Thank u Puddles..But unfortunately that didn't work. I use my BB at work to pass the time and I'm on LHCF 24/7. I post from it and thank post from it also. I cannot tell last when I was on LHCF on a computer. IDK. I guess Ill have to manage until something is resolved hopefully.


----------



## DaPPeR

MichL said:


> So do you think any mods will chime in on this? Possibly make an option to view the normal format? Should we send a ticket?(I dont know the whole process of what those do.) I'm really not feeling this.

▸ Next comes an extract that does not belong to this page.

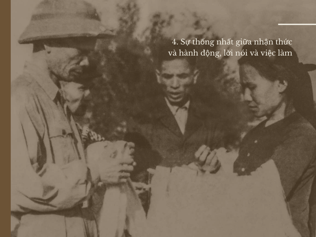 Hồ Chí Minh căn dặn: “Phải óc nghĩ, mắt trông, tai nghe, chân đi, miệng nói, tay làm. Chứ không phải chỉ nói suông, chỉ ngồi viết mệnh lệnh”(7). Tư tưởng phải chuyển hóa thành hành động cụ thể, hoàn thành nhiệm vụ, hiện thực hóa mục tiêu và nhiệm vụ chính trị được giao phó.

I don't know the whole process of that neither. I was just hoping a mod would see this thread. I don't want to be a crybaby but at the sametime I miss my old LHCF format. It was fun to be able to lie in bed and be on it.


----------



## Dak

It would be nice if one of the Mods could tell us what's going on.  I imagine it was done to make our lives easier, which was thoughtful, but for me there wasn't a problem.  There's more to the site than just the text.


----------



## priceless2608

I thought it was only my phone that this happened too. I pretty much only access this site on my blackberry, and this morning it was all text so I logged off. 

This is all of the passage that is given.